Aussi je voulais, car je pense que vous connaissez cette expression, mais vous dire d'ou vient elle ? Car je ne suis pas sur que vous le sachiez.
Les forçats de la route. Cinq mots pour décrire l'ingratitude du métier de coureur cycliste. Cinq mots pour défendre les causes de sportifs fatigués des règlements stupides. Cinq mots historiques, associés par le très grand Albert Londres, grand reporter français du début du XXème siècle. Cinq mots inspirés par une histoire, celle des frères Pélissier...
Nous sommes en 1924 et les frères Pélissier sont de nouveau au départ du Tour de France, Henri ayant à coeur de défendre son Maillot Jaune, acquis en 1923. A maintenant 35 ans, Henri dispute là l'une de ses dernières Grandes Boucles. Au matin de la la troisième étape, à Cherbourg, Henri discute tranquillement avec ses collègues lorsqu'un commissaire du Tour passe vivement sa main sous le maillot du vainqueur sortant de la Grande Boucle. Henri se retourne, surpris. "Mais que faites-vous donc ?", s'exlame-t-il. "Je regardais combien de maillots vous portiez. Vous en avez deux et monsieur Desgrange vous soupçonne de vous débarrasser d'un de ces maillots lorsquil fait trop chaud. Cela est interdit par le règlement". Humilié, Henri Pélissier retire l'un de ces maillots et prend le départ de l'étape.

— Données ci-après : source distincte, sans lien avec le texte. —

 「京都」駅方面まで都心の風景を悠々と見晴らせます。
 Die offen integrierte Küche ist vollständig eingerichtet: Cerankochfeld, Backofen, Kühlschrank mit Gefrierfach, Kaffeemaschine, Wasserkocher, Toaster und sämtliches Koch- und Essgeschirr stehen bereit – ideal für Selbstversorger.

Mais le coeur n'y est plus et cette histoire de maillot l'insupporte. Au détour d'un village (Coutances), les frères Pélissier mettent pied à terre et entrent au café de la Gare. C'est alors qu'entre Albert Londres. "Que se passe-t-il ?", leur lance le reporter. "On n'est pas des chiens, s'exclame l'aîné des Pélissier. Il ne faut pas seulement courir comme des brutes mais geler et étouffer. Vous n'avez pas idée de ce qu'est le Tour de France. C'est un calvaire. Et encore, le chemin de croix n'avait que quatorze stations. Le nôtre en compte quinze. Vous ne nous avez encore pas vu au bain. La boue ôtée, nous sommes blancs comme des suaires. La diarrhée nous vide. On tourne de l'oeil dans l'eau. Et vous n'avez encore rien vu. Attendez les Pyrénées. Ce que nous ne ferions pas faire à nos mulets, nous le faisons. On n'est pas des fainéants. Mais au nom de Dieu, qu'on ne nous embête pas. Nous acceptons le tourment mais nous ne voulons pas de vexations".

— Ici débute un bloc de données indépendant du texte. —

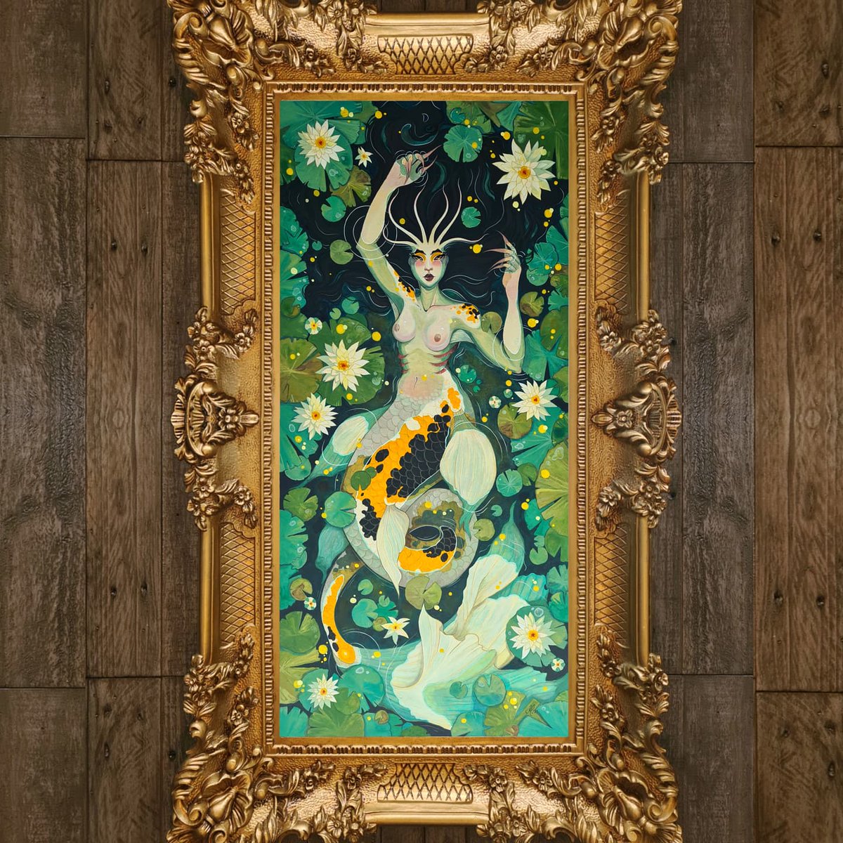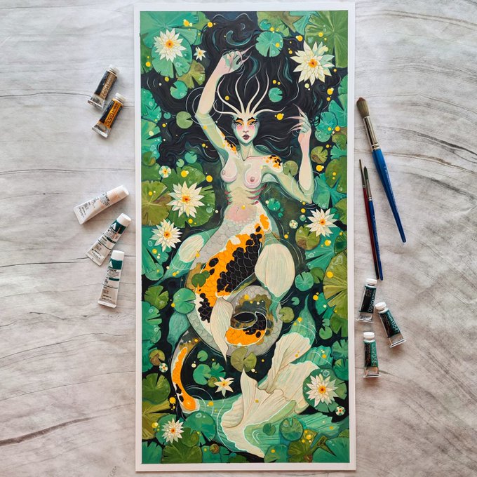 🧜♀️Waterlily🧜♀️ I am very happy and proud with how this piece turned out! Approximately 35 x 75 cm Watercolor, acryla gouache, regular gouache and pencil on Illustration board. #mermay #mermaid #waterlily #mixedmediapainting

Albert Londres écoute avec attention la rancoeur de Pélissier. Venant de réaliser un reportage sur les forçats, ces hommes condamnés au travail, le journaliste décide d'intituler son article pour le Petit-Parisien : "les forçats de la route". Cet article va faire sensation auprès des lecteurs, Henri Desgrange voyant d'un mauvais oeil son image se dégrader.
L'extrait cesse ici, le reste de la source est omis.